Boyle and Bergen, however, involved allegations of
professional negligence which aggravated the compensable injury
being treated. The present case is different. Plaintiff alleges
that Dr. DePietro failed to diagnose a cancerous tumor not
related to the industrial injury and otherwise not compensable.
We are persuaded, nevertheless, that if Dr. DePietro, in failing
to diagnose the cancerous tumor during his treatment of Hawksby's
compensable injury, deviated from a standard of care, any
additional harm as a consequence of that deviation constitutes a
risk incidental to Hawksby's employment and would be compensable
under the workers' compensation statute. Cf. Livingstone v.
Abraham & Straus, Inc.,
111 N.J. 89 (1988) (store employee
injured while walking in mall parking lot not owned by employer);
Thornton v. Chamberlain Mfg. Corp.,
62 N.J. 235, 242 (1973)
(injuries sustained by petitioner as a result of assault by
former co-employee, occurring nine days after petitioner
terminated his employment, were compensable because they "were
caused in every realistic sense by petitioner's exposure at
work."); Howard v. Harwood's Restaurant Co.,
25 N.J. 72 (1957)
(assault of employee by a co-employee at the employment site is a
risk associated with the employment and is compensable);
Prettyman v. State,
298 N.J. Super. 580 (App. Div. 1997) (under
"but for" test, petitioner's depression, high blood pressure and
post traumatic stress disorder as a result of hostile aggressive
interrogation by State Police detectives were compensable because
the event arose out of work-connected duties).

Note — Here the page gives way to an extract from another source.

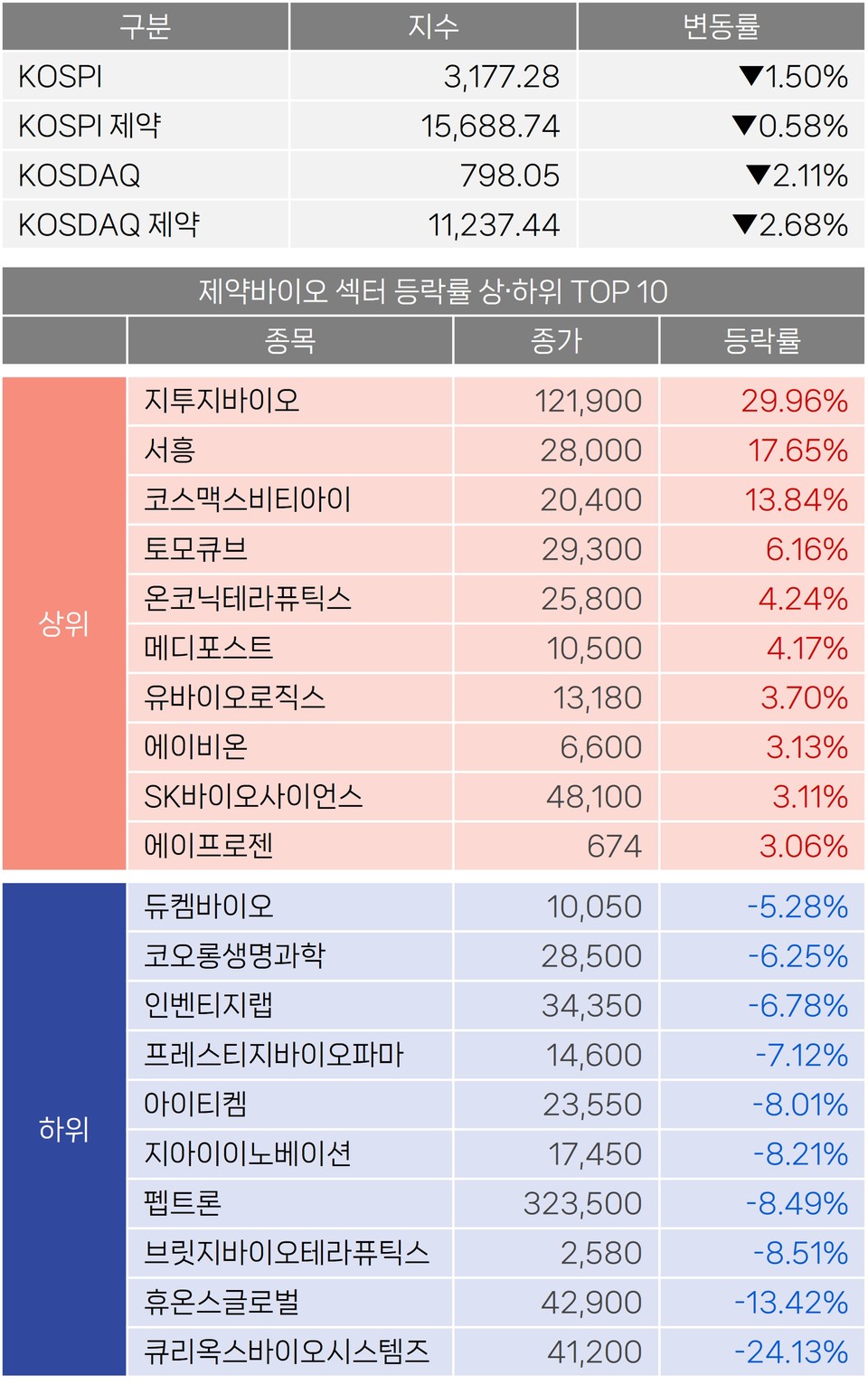 반면 일부 제약·바이오 종목들은 큰 폭의 하락을 기록했다. 큐리옥스바이오시스템즈는 24.13% 급락한 4만1200원에 마감해 낙폭이 가장 컸다. 휴온스글로벌(-13.42%), 브릿지바이오테라퓨틱스(-8.51%), 펩트론(-8.49%) 등도 두 자릿수 혹은 두 자릿수에 가까운 하락률을 보였다. 이 밖에도 지아이이노베이션(-8.21%), 아이티켐(-8.01%) 등 다수의 기업이 약세를 나타냈다.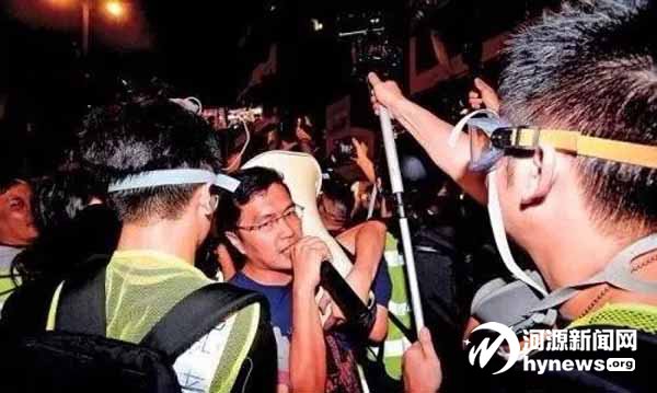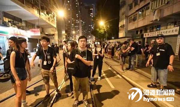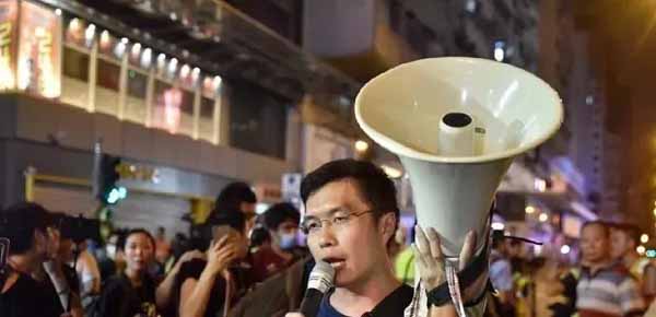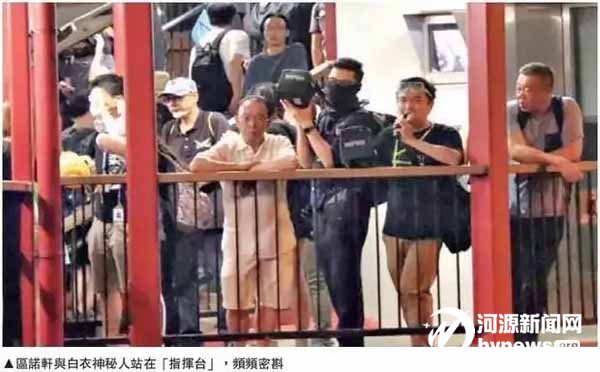 在這場騷亂中,區(qū)諾軒赫然站在天橋的“指揮臺”上,他還不時地與一名白衣神秘男子密語,時刻關(guān)注形勢變化,并通過周邊人隨時傳達(dá)指令。

Unlike the case where a physician aggravates the injury
being treated, however, here the compensability of DePietro's
alleged diagnostic failure would depend on concepts of fault,
i.e., if Dr. DePietro did not deviate from a standard of care,
then neither he nor the New York Times is responsible, in tort or
under the compensation statute, for the progression of the cancer
because Hawksby would not have suffered harm from DePietro's
treatment. Fault, however, is a concept foreign to the
principles on which workers' compensation is founded.
Another potential anomaly involves the measurement of
recovery. Although the record is sparse, it is likely that
plaintiff's "injury" due to Dr. DePietro's alleged negligent
diagnosis is an enhanced risk of recurrence of the cancer as in
Evers v. Dollinger,
95 N.J. 399 (1984). See Scafidi v. Seiler,
119 N.J. 93 (1990). It may be difficult and awkward to apply
concepts of permanent injury central to the workers' compensation
scheme to injury measured by enhanced risk of recurrence. See
N.J.S.A. 34:15-12.
Because of these anomalies, plaintiff's argument that this
case is outside the bar of N.J.S.A. 34:15-8 has some appeal. We
have determined, however, to reject the argument.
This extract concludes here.